Villaseca v City of New York
2008 NY Slip Op 01002 [48 AD3d 218]
February 5, 2008
Appellate Division, First Department
Published by New York State Law Reporting Bureau pursuant to Judiciary Law § 431.
As corrected through Wednesday, April 16, 2008


Rodrigo Villaseca et al., Respondents,
v
City of New York et al., Appellants.

[*1] Michael A. Cardozo, Corporation Counsel, New York City (Norman Corenthal of counsel), for appellants.

Sullivan Papain Block McGrath & Cannavo, P.C., New York City (Brian J. Shoot of counsel), for respondents.

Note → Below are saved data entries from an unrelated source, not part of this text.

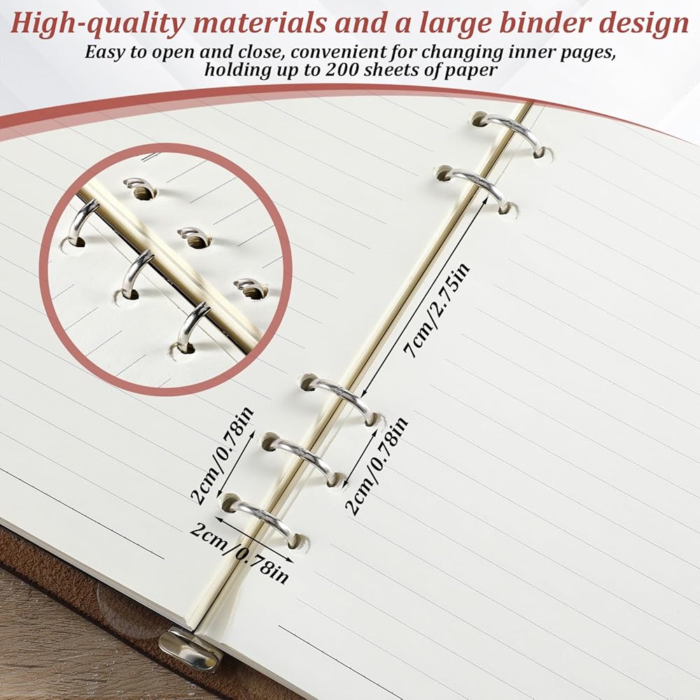 Exact A5 Dimensions for Universal Compatibility: Overall product size: 17.2×22.7×2.4cm (6.77×8.94×0.94 inches); A5 inner page size: 143×209mm (5.63×8.23 inches), fitting standard A5 6-hole refill paper. The sturdy metal 6-ring binder securely holds pages (prevents falling off) and accommodates extra sheets, making it ideal for long-term note-taking or planning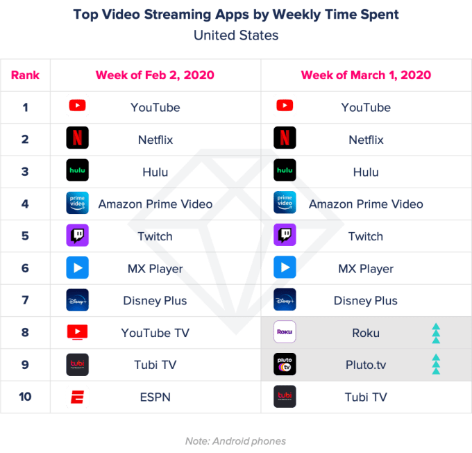 Time spent in the top 10 video-streaming apps (as measured on Android phones) has not yet seen a meaningful jump in the U.S. But the types of apps consumers are using may be impacted by the outbreak. As more people stay home, consumers are looking for free streaming options. That could have contributed to both Roku and Pluto.tv’s arrival into the list of the U.S. top 10 video-streaming apps. Roku’s app includes streaming content from its free movies and TV hub, The Roku Channel. Meanwhile, Pluto.tv lets users stream content without a subscription.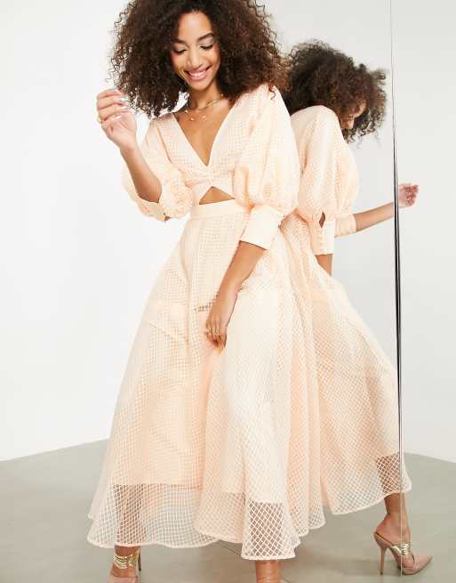 ASOS EDITION blouson sleeve midi dress in organza check in soft Very well made.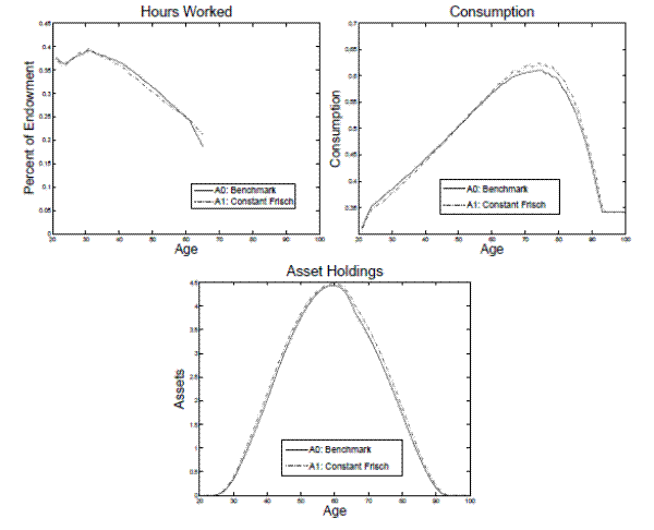 The second reason that the optimal tax on capital increases is that the higher Frisch elasticities enhances the motive for an age-dependent tax on labor income. Figure 13 plots the life cycle profiles for the three different calibrations. The upper left panel of the figure demonstrates that as the model is calibrated to match a higher Frisch elasticities the relative change between the hours he works when he is young and old increases. A larger drop in hours enhances the motive for an age-dependent tax on labor income. Since the government cannot condition labor income taxes on ages, they increase the tax on capital.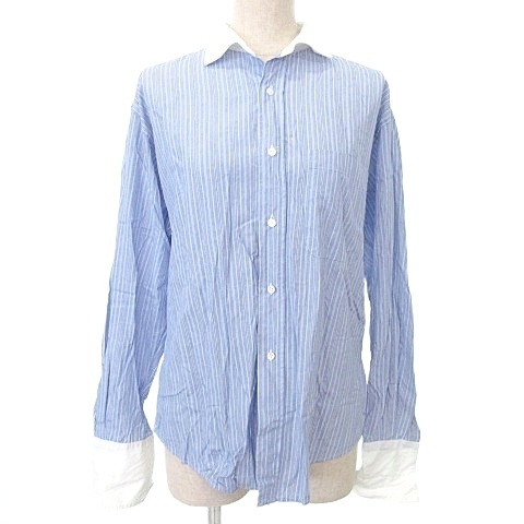 【中古】レイビームス Ray Beams クレリック ストライプ シャツ Lサイズ相当 青系 ブルー A0815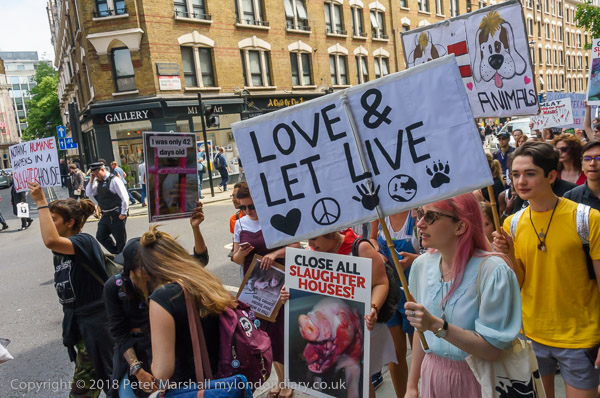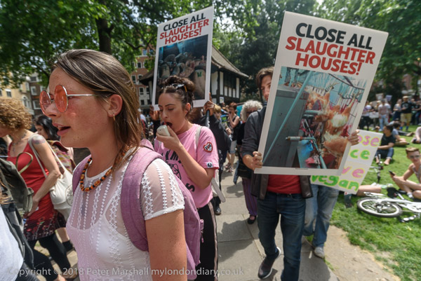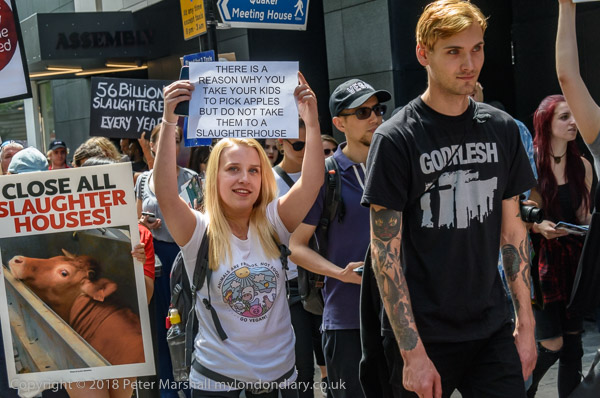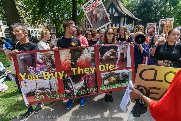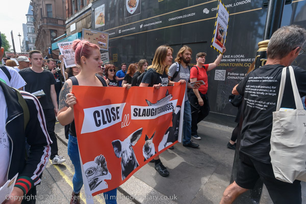 The 'Close all Slaughterhouses' banner at the head of the march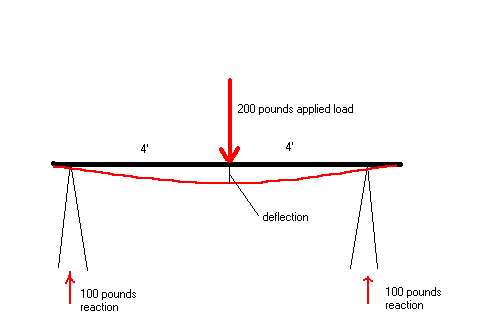 Next we sat a 200 pound fellow on a board that is 8' long and 1.5" thick and 3.5" wide and it deflected a certain amount like this...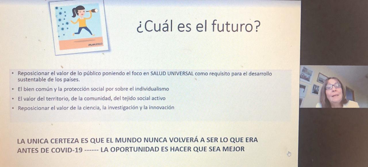 “Estamos en un contexto cambiante. En el mundo se están realizando muchos estudios científicos que podrían modificar la realidad que hoy conocemos respecto a la pandemia“, afirmó la Dra. Gisela Alarcón, decana de la Facultad de Salud de la UST, dando inicio a su exposición sobre sobre la “Realidad, proyecciones y desafíos para la salud” durante la pandemia Covid-19.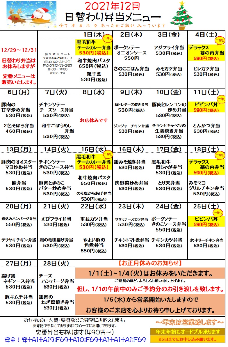 12 012021 12月の日替わりメニュー お知らせ Tweet Share Hatena Pocket RSS feedly Pin it 11月の日替わりメニュー 前の記事 1月の日替わりメニュー 次の記事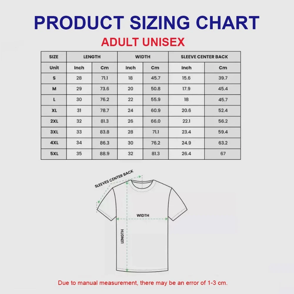 WELCOME TO OUR STORE! 100% MADE IN THE USA Available Shirt Colors: Black, White, Light/Royal/Navy Blue, Charcoal, Red, Grey, Maroon, Dark Heather, Pink, Sand, Green, Purple, Military Green, Ash Grey Print and Ship from the U.S. Gildan 5000 T-shirt (U.S. Sizes) Sizes: S, M, L, XL, 2XL, 3XL, 4XL, 5XL Material: 100% Heavy Cotton PLEASE LET US KNOW YOUR COLOR CHOICE!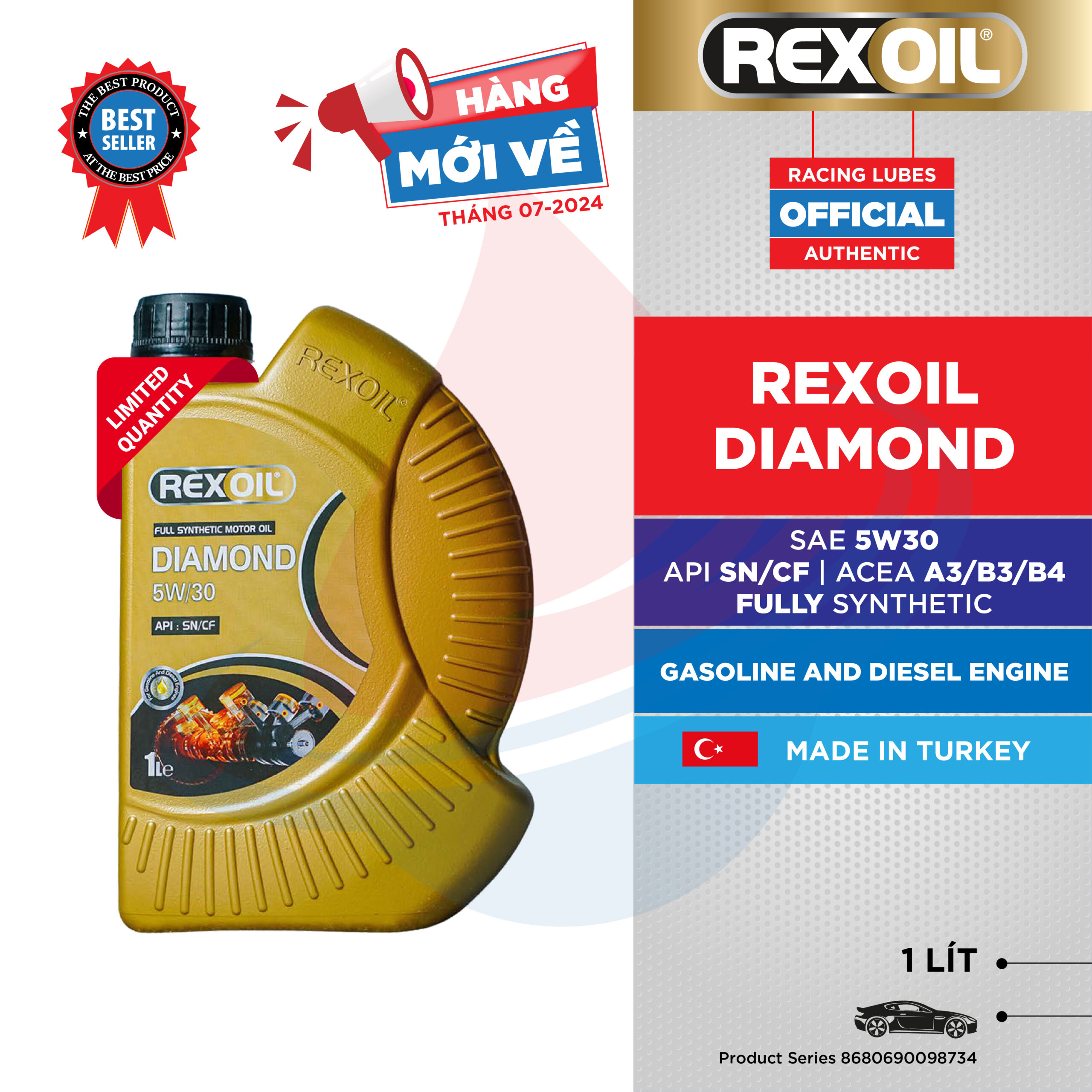 REXOIL 5W30 DIAMOND SN/CF là dầu động cơ có công thức từ loại dầu gốc tổng hợp hoàn toàn và những chất phụ gia công nghệ cao, được khuyến nghị sử dụng cho động cơ xăng hoặc diesel của các dòng xe ô tô thương mại, xe bán tải.

Judgment, Supreme Court, Bronx County (Mary Ann Brigantti-Hughes, J.), entered on or about September 11, 2006, which, after a jury trial, to the extent appealed from as limited by the briefs, awarded plaintiff Rodrigo Villaseca $2,000,000 and $6,000,000 for past and future pain and suffering, $2,300,000 for future lost earnings, and $100,000 for future medical expenses, and awarded plaintiff Diane Villaseca $300,000 and $1,500,000 on her derivative claims for past and future loss of services, unanimously modified, on the law, the complaint dismissed as against defendant City of New York, and on the law and the facts, the above-stated damage awards vacated and the matter remanded for a new trial on said damage issues alone, and otherwise affirmed, without costs, unless plaintiffs stipulate, within 20 days after service of a copy of this order, to accept reduced awards of $3,000,000 for future pain and suffering, $1,801,466 for future lost earnings, $21,000 for future medical expenses, and $250,000 and $500,000 for past and future loss of services, and the entry of an amended judgment in accordance therewith.

The City was clearly an improper party (see Perez v City of New York, 41 AD3d 378 [2007]), and its motion to dismiss should have been granted.

A fair interpretation of the evidence supports the jury verdict that the Board of Education was 100% liable for plaintiff teacher's injuries, and that the actions of neither the teacher nor the student were a substantial factor in causing the injury (Cohen v Hallmark Cards, 45 NY2d 493 [1978]). Evidence supported a finding that the Board of Education failed to comply with applicable industry standards governing the inspection and maintenance of a hydraulic controller on a school door that an eight-year-old emotionally disturbed student suddenly slammed against the side of the teacher's head. The teacher suffered a detached retina of the right eye, and notwithstanding nine surgical procedures, he eventually lost sight in that eye. The eye deteriorated to a discolored, opaque appearance, giving him continuous pain that was not likely to abate until such time as he elected to undergo the implantation of a false eye.

Uncontested evidence established that the hydraulic controller in question had been broken for over a year, and that the Board of Education received timely written and verbal notice of such defect. There was also uncontested evidence that if the hydraulic controller had been [*2]operational, the door could not be slammed shut. This was a school for emotionally disturbed children, and the door in question was the sole entrance to a small room where particularly uncooperative or unruly children would be placed until they calmed down. Thus, the hydraulic controller was necessary to the safe operation of the door.

We find the damage awards excessive to the extent indicated. In addition to the loss of his right eye, the teacher had a preexisting macular hole condition in his left eye that left him only peripheral vision in that eye. The result was extremely limited vision, which meant that he could no longer work. Nevertheless, we find the future pain and suffering award deviates materially from what would be reasonable compensation for the loss of an eye (see e.g. Fresco v 157 E. 72nd St. Condominium, 2 AD3d 326 [2003], lv dismissed 3 NY3d 630 [2004]). Plaintiffs offered no evidence of loss of society (see Grant v City of New York, 4 AD3d 158, 159 [2004]), but did provide evidence that the wife had assumed full responsibility for household chores, cooking, transportation for their young son, and helping her husband move about (see e.g. Schultz v Turner Constr. Co., 278 AD2d 76 [2000]). As to the awards for future lost earnings and medical expenses, plaintiffs acknowledge that the evidence supported those awards only to the extent that they have been reduced. Concur—Mazzarelli, J.P., Andrias, Catterson and McGuire, JJ.